Friday, Feb. 22, 1963
A Private Subway
The businessmen of Fort Worth--like those in many another U.S. city--watched in dismay as traffic congestion clogged downtown streets and customers fled to the suburbs. At their behest the city hired Architect-Planner Victor Gruen to redesign the downtown area, but Gruen's elaborate plan proved to cost more than the city fathers were prepared to pay. Then a downtown mall was tried, but planners failed to provide enough convenient parking space; in the Texas long hot summer, the few potted trees they installed did little to shade the wide concrete expanse, and business declined. But Marvin and Obediah Leonard, who own Leonards, the biggest department store in town, refused to move to the suburbs.
"Let them put up the sideshows anywhere they want," said Marvin Leonard. ''They'll still want to come into the main tent, and this is it." The Leonards set out to solve the problem on their own. And last week they proudly opened a private, mile-long, $500,000 underground subway, running between parking lot and store.
Leonards, which sprawls over four city blocks, sells items ranging from barn siding to $1.99 ''Ivy League Pants." Several years ago, the Leonards bought a big parking lot for 5,000 cars on the bank of the Trinity River and began experimenting with free bus rides from it to the store. The buses lured customers back, but provided a slow and hot ride. Obediah thought of a subway. The Leonards acquired five old Washington, D.C., streetcars, spiffed them up with stainless steel and new seats, installed air conditioning, and carved a double-track tunnel between store and Jot: This week the M (for Marvin) & O (for Obediah) subway--"the first subway south of the Mason-Dixon line"--began service, delivering as many as 500 passengers every 3 1/2 minutes to the store's basement. Price per ride: nothing.
In fact, anybody can ride free. There is no charge for parking in the store's lot. not even a ticket to be "validated at the time of a store purchase." Even though the store does not open until 9 a.m., the subway will begin carrying early-morning commuters at 7:30; at the very least, the Leonards hope to grab off some of the passengers for popcorn or a hot dog at the subway-station snack bar. ''We're dang poor merchants.'' drawls Obie Leonard, ''if we can't sell them something while we've got them here."

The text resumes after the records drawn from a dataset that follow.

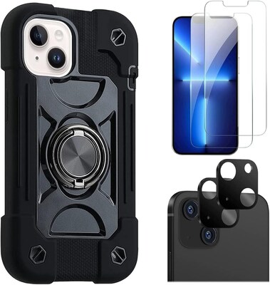 SaharaCase iPhone 14 Plus 6.7" Bundle, DualShock Case with Tempered Glass Screen and Camera Protector, Black
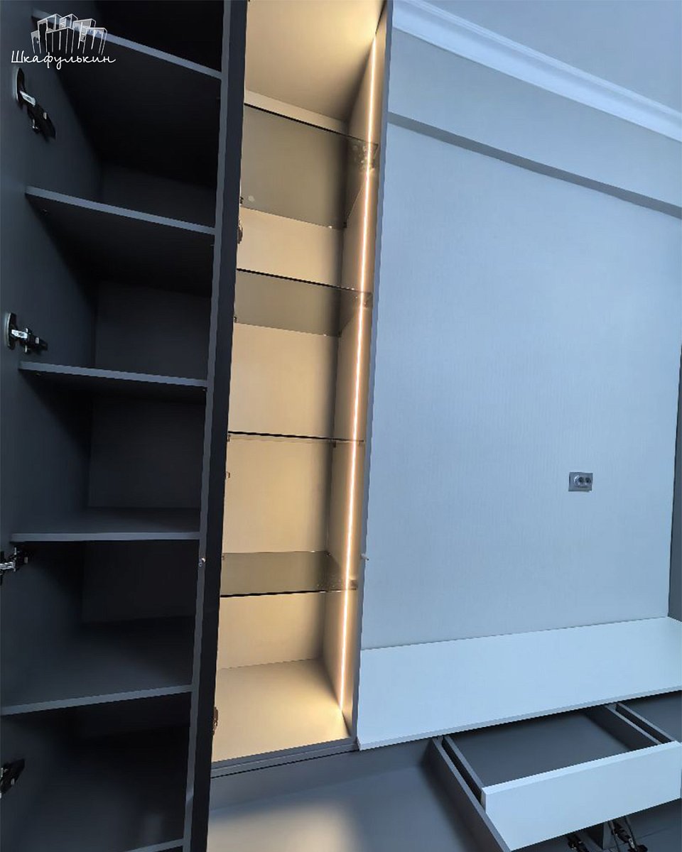 Подсветка: профиль серебро, свет тёплый.
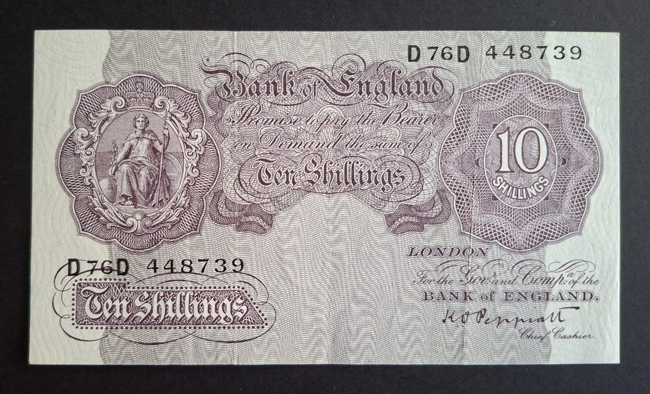 Sold £32.00 Sold SKU: G250212 Categories: All Banknotes, English Notes Description Description A great value B251 note. Ten Shillings. Emergency War Issue. Priced significantly below EPM. Free UK postage. International postage Flat Rate of £10. Related products £5 Fforde B312 (EF) U04 626664 £29.00 Add to cart £10 Gill B354 Last Series (AUNC) JR21 587327 £39.00 Add to cart £5 Kentfield B364 (AUNC) – BH20 698725 £19.00 Add to cart £1 Page B340 (AUNC) E21N 685859. Last Series Page Prefix £19.00 Add to cart
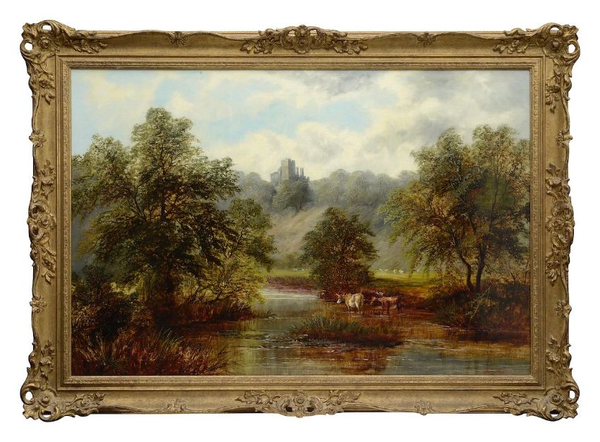River landscape with castle atop hill possibly Richmond.
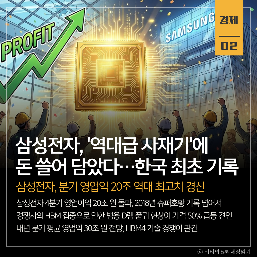 삼성전자가 올해 4분기 영업이익 20조 원을 넘어서며 창사 이래 최대 분기 실적을 달성했습니다. AI 열풍으로 범용 D램 가격이 50% 가까이 급등하고, HBM(고대역폭메모리) 공급이 본격화되면서 '제2의 반도체 슈퍼사이클'에 진입했다는 분석입니다.
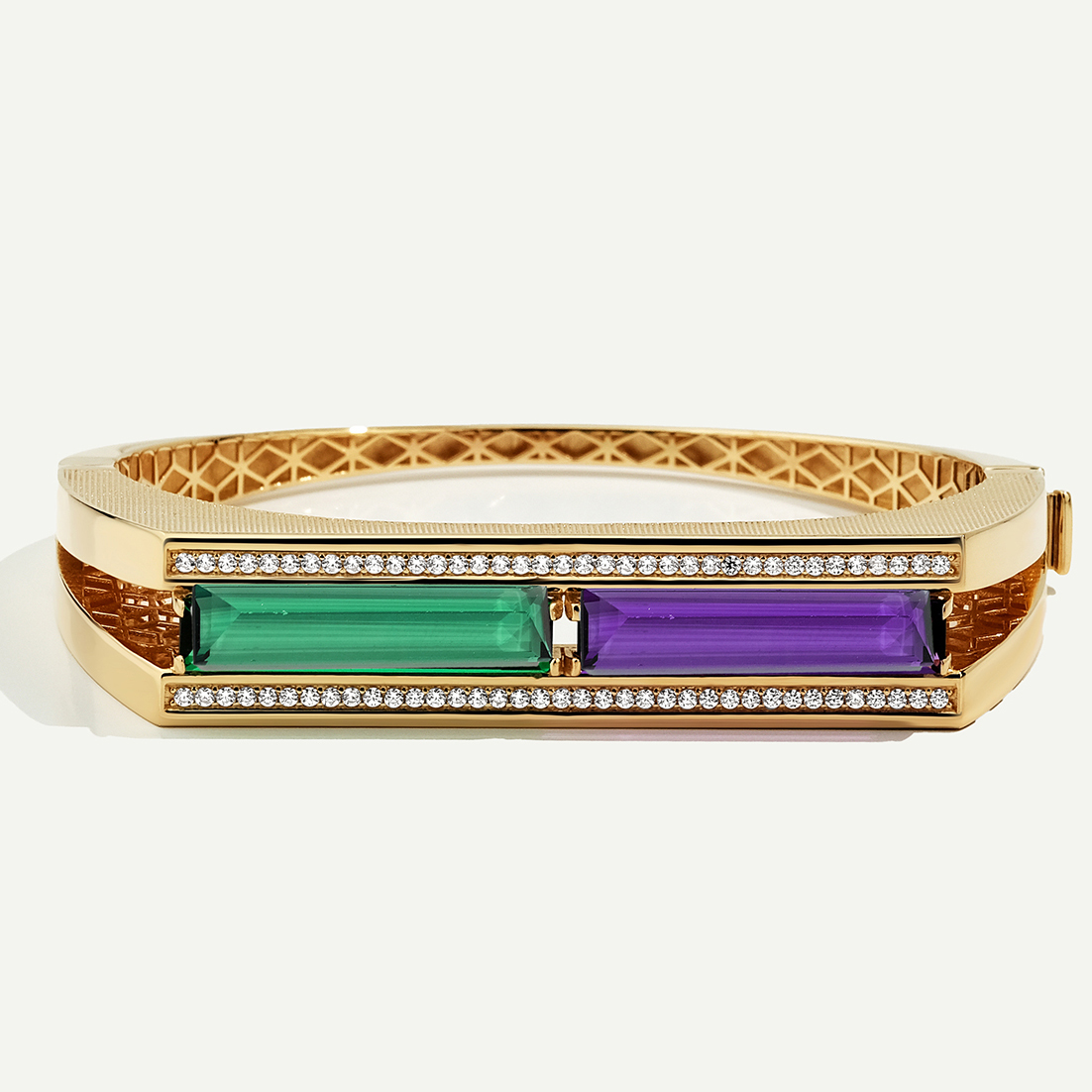 Zarafeti ve modernliği buluşturan 14 Ayar Altın Baget Mor ve Yeşil Taşlı Kelepçe, güçlü tasarımıyla dikkat çeker. Altın gövdesinin merkezinde yer alan yeşil ve mor baget taşlar, kelepçeye sofistike bir karakter kazandırırken, çevresini saran ince taş detayları ışıltıyı artırır. Günlük şıklığınızı tamamlamak veya özel günlerde stilinize modern bir dokunuş katmak için ideal bir seçenektir. Regold logolu özel kutusunda ve garanti belgesiyle birlikte sunulur.
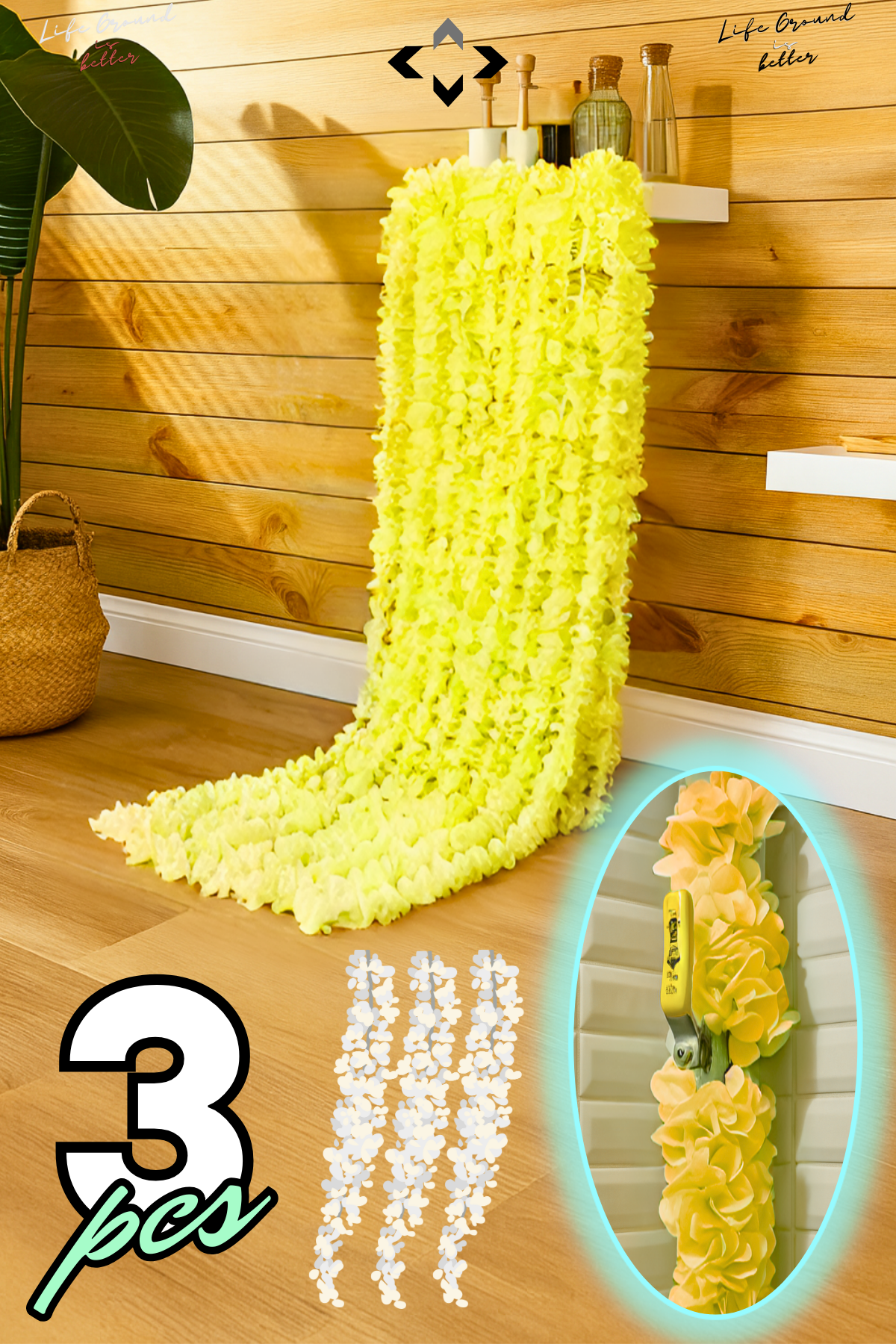 Sarı 3 Metre Doğal Orkide Görünümlü Yapay Asma Çiçek – Sarkıt Dekor, Boru Gizleme, Düğün & Nişan Süsleme
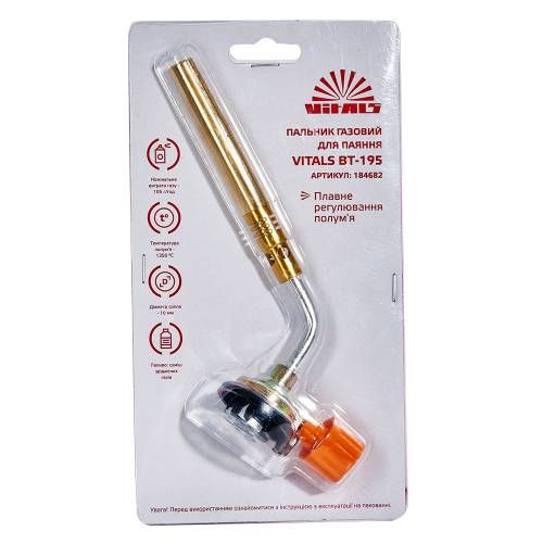 Пальник газовий для паяння Vitals BT-195 - незамінний інструмент для професіональних майстрів і любителів, які займаються паянням різних матеріалів. Цей газовий пальник має діаметр сопла 10 мм, що забезпечує точну і ефективну роботу. Корпус виготовлений з металу, що забезпечує надійність і довговічність. Використовувати підходять бутан і ізобутан як паливо. Цей пальник є надійним помічником при проведенні різних ремонтних робіт, паянні електроніки, приладів, металевих конструкцій та інших виробів. Він легкий у використанні і зручний у триманні, а також має компактні розміри, що дозволяє без проблем зберігати його в будь-якому місці.

Actually, the expense is not as high as it might seem. Adds Obie: "The whole shebang--lot, tunnel, subway cars, the works--costs us only about $200 per parking space." Other downtown merchants, anticipating the Leonards' bringing customers painlessly into the area, have begun sprucing up their own store fronts to attract as many as they can. The Leonards don't mind, since they have first crack at riders of their private subway.